→ **REQUIREMENT**: Once you have found the line with "Beaded Bhaiya Rakhi" in the records below, retype it and every line after it to the end exactly, with no pictures and nothing more.

(Records contained in a dataset)
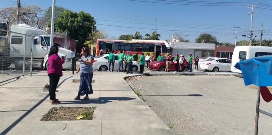Algunos choferes de autobuses estacionaron sus vehículos en las calles laterales del centro de desarrollo integral de San José Tecoh, a unas cuantas esquinas del lugar principal del evento. Se observó que personas de la tercera edad o con discapacidades fueron movilizadas en transporte convencional, aunque se les brindó la cortesía de descender a una corta distancia del sitio.
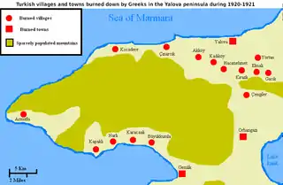 The Yalova Peninsula massacres were a series of massacres during 1920–1921, the majority of which occurred during March – May 1921. They were committed by local Greek and Armenian bands with the invading Hellenic Army,[2][7] against the Turkish Muslim population of the Yalova Peninsula.[7] There were 27 villages burned and in Armutlu.[2] According to journalist Arnold J. Toynbee c. 300 Muslims were killed during April–July 1921.[3] In an Ottoman inquiry of 177 survivors in Constantinople, the number of victims reported was very low (35), which is in line with Toynbee's descriptions that villagers fled after one to two murders.[10] Moreover, approximately 1,500 out of 7,000 Muslims remained in the region after the events[4] or 6,000 had left Yalova where 16 villages had been burned.[5] On the other hand, Ottoman and Turkish documents on massacres claim that at least 9,100 Muslim Turks were killed.[11]
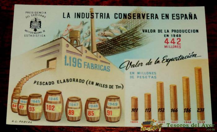 POSTAL DEL INSTITUTO NACIONAL DE ESTADÍSTICA, LA INDUSTRIA CONSERVERA EN ESPAÑA, E, I.G. VALVERDE, NO CIRCULADA.
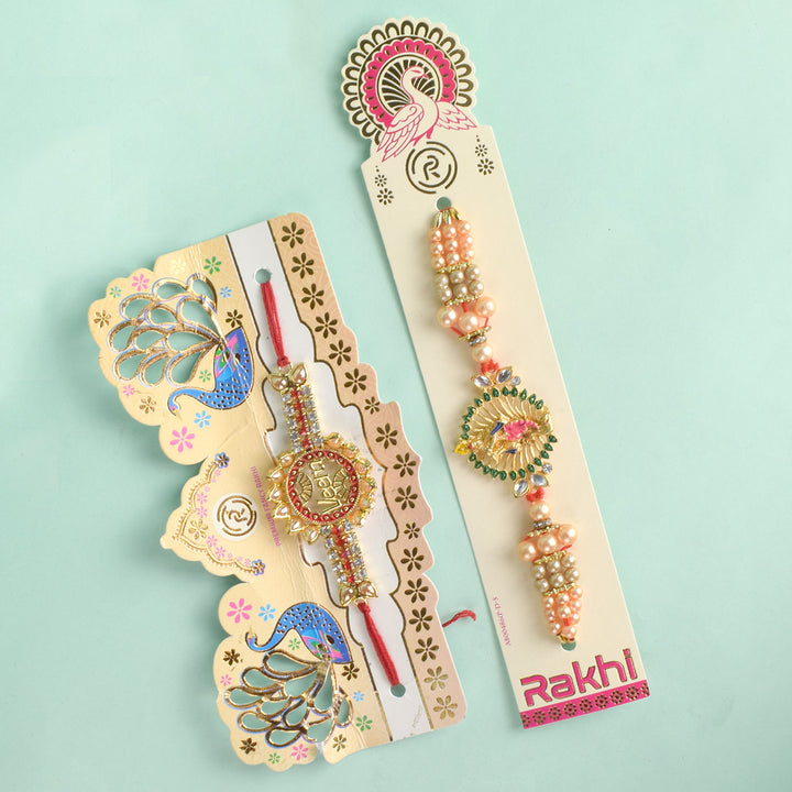 Beaded Bhaiya Rakhi Set of 2: Bedecked with colorful beads, these rakhis represent the joyous moments and cherished memories of growing up together. Embrace nostalgia and affection with this delightful beaded rakhi set.
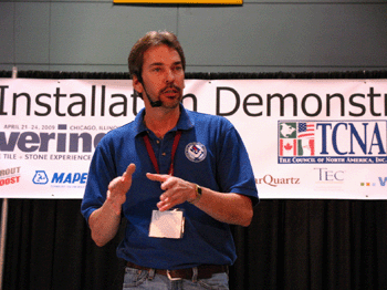 NTCA training director Gerald Sloan will take to the Tile Council of North America’s stage each day at 11 a.m., assisted by NTCA regional trainer Michael Whistler, for a 45 minute demonstration. This year’s topics will include:
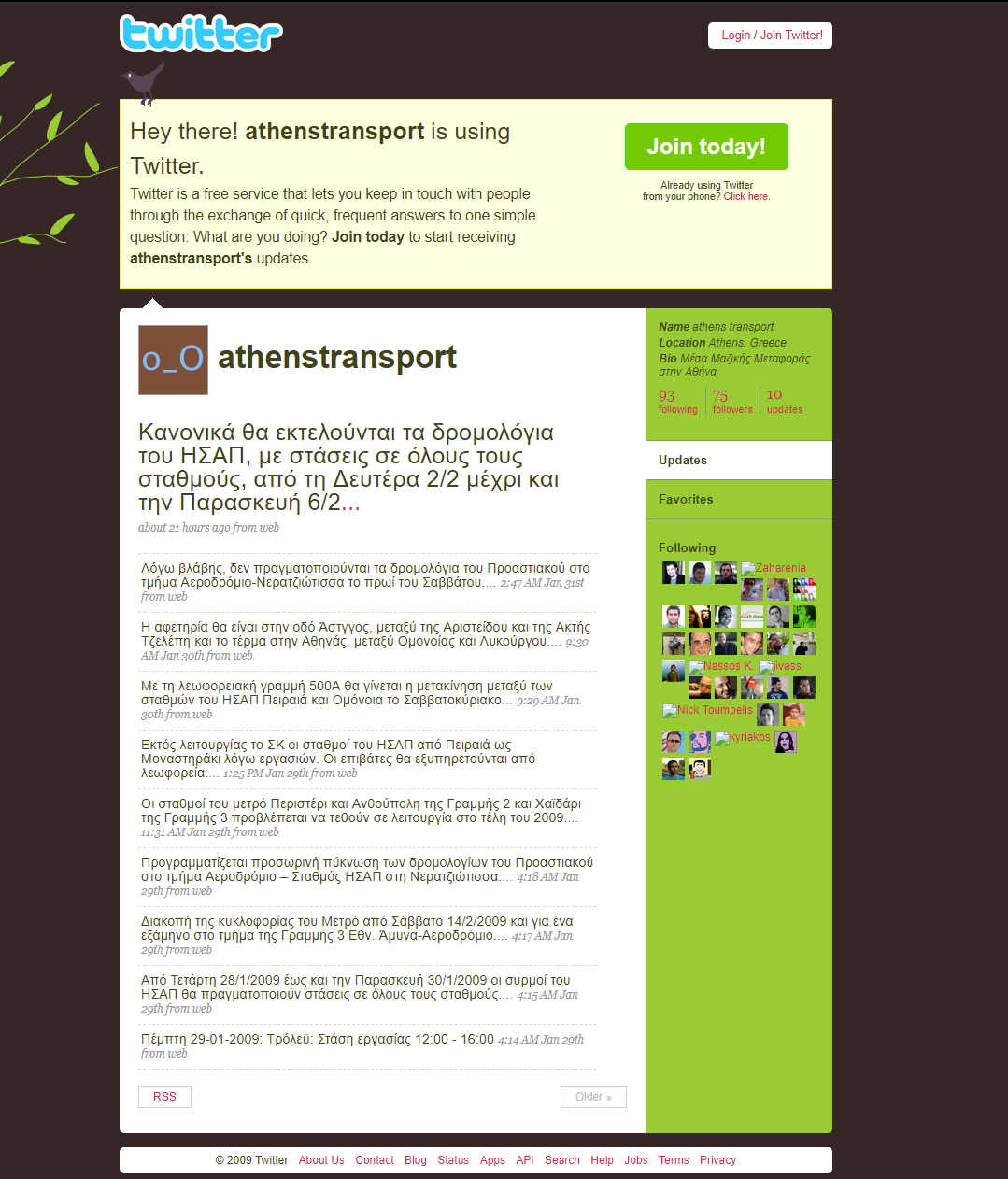 To tweet αφορούσε μία στάση εργασίας (ξαφνιάζεται κανείς;) στα Τρόλεϊ που θα πραγματοποιούνταν εκείνη τη μέρα. Τα υπόλοιπα tweets της μέρας (βλ. παρακάτω) αφορούσαν τα επερχόμενα έργα του ΗΣΑΠ, το κλείσιμο του τμήματος Πλακεντίας – Εθν. Άμυνα του Μετρό για ένα εξάμηνο, καθώς και την είδηση πως οι σταθμοί Περιστέρι, Ανθούπολη και Χαϊδάρι (Αγία Μαρίνα) θα παραδοθούν στα τέλη του 2009. Τελικά άνοιξαν το 2013 λόγω του σκανδάλου της Siemens.
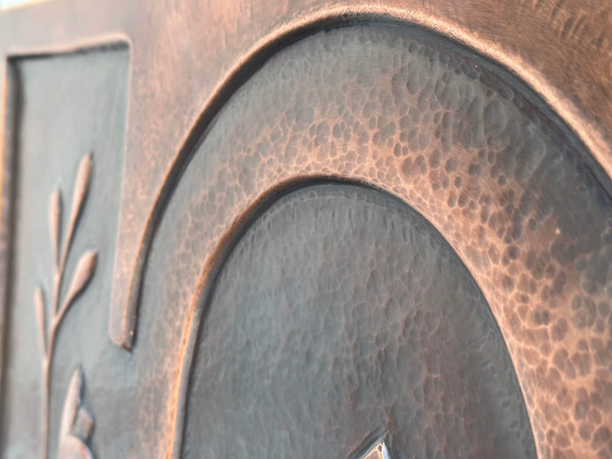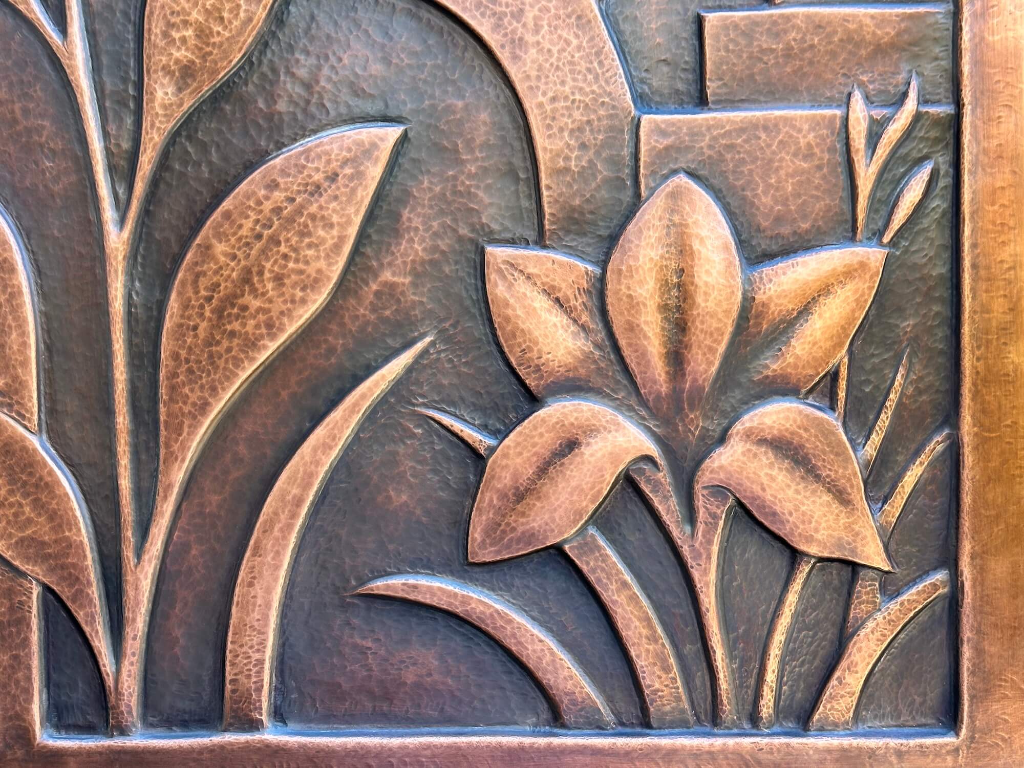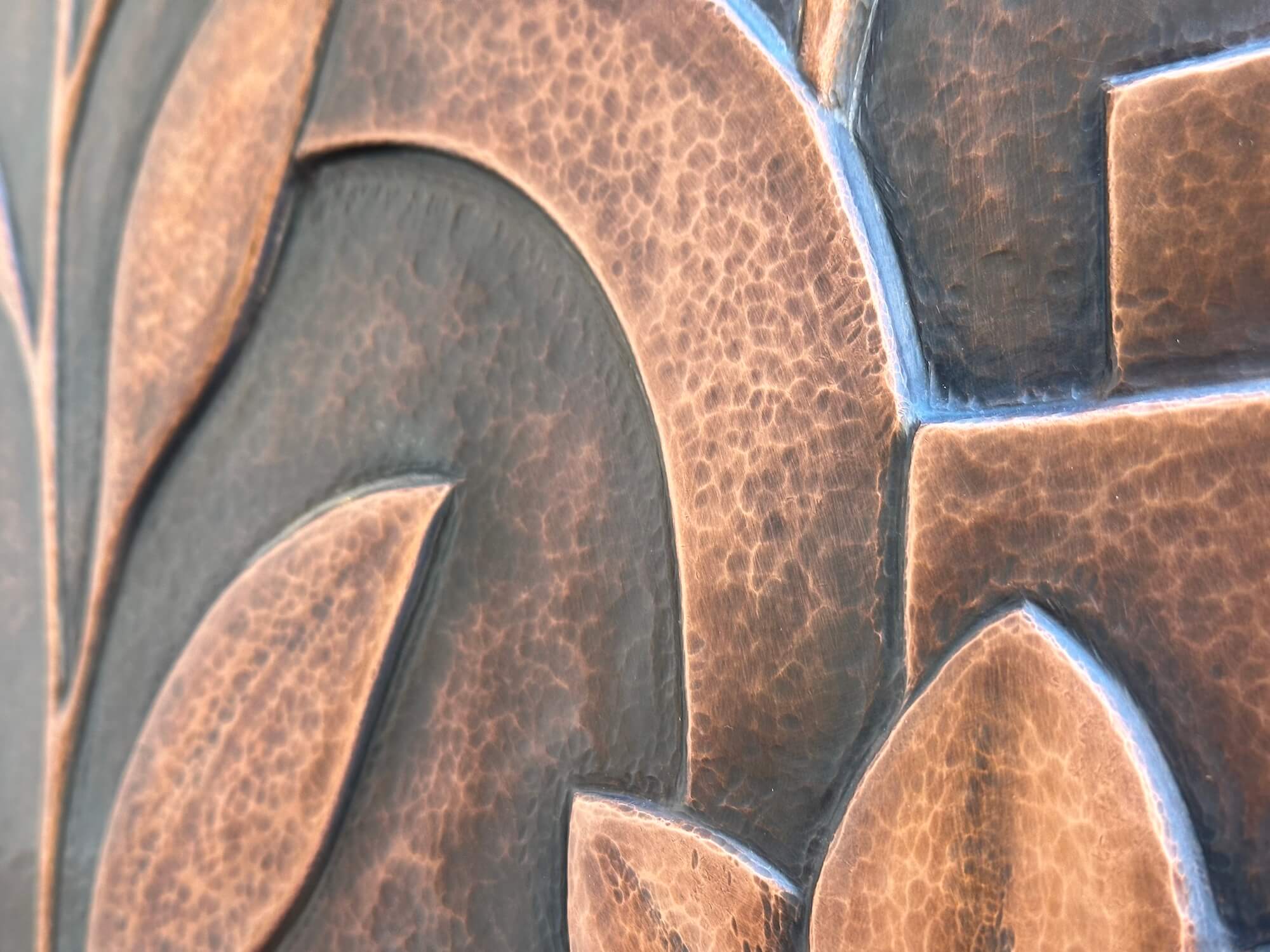 The relief was created gradually using handheld hammers, punches and pneumatic tools. The surface depth was forged by pushing the metal from both sides, rather than by adding or removing material, softening the copper with heat between each stage to maintain pliability. The resulting texture is a direct record of thousands of individual strikes, capturing the story its creation within the metal itself. The raised relief is about 1/4 inch deep.

→ **OUTPUT BELOW**:
 Beaded Bhaiya Rakhi Set of 2: Bedecked with colorful beads, these rakhis represent the joyous moments and cherished memories of growing up together. Embrace nostalgia and affection with this delightful beaded rakhi set.
 NTCA training director Gerald Sloan will take to the Tile Council of North America’s stage each day at 11 a.m., assisted by NTCA regional trainer Michael Whistler, for a 45 minute demonstration. This year’s topics will include:
 To tweet αφορούσε μία στάση εργασίας (ξαφνιάζεται κανείς;) στα Τρόλεϊ που θα πραγματοποιούνταν εκείνη τη μέρα. Τα υπόλοιπα tweets της μέρας (βλ. παρακάτω) αφορούσαν τα επερχόμενα έργα του ΗΣΑΠ, το κλείσιμο του τμήματος Πλακεντίας – Εθν. Άμυνα του Μετρό για ένα εξάμηνο, καθώς και την είδηση πως οι σταθμοί Περιστέρι, Ανθούπολη και Χαϊδάρι (Αγία Μαρίνα) θα παραδοθούν στα τέλη του 2009. Τελικά άνοιξαν το 2013 λόγω του σκανδάλου της Siemens.
 The relief was created gradually using handheld hammers, punches and pneumatic tools. The surface depth was forged by pushing the metal from both sides, rather than by adding or removing material, softening the copper with heat between each stage to maintain pliability. The resulting texture is a direct record of thousands of individual strikes, capturing the story its creation within the metal itself. The raised relief is about 1/4 inch deep.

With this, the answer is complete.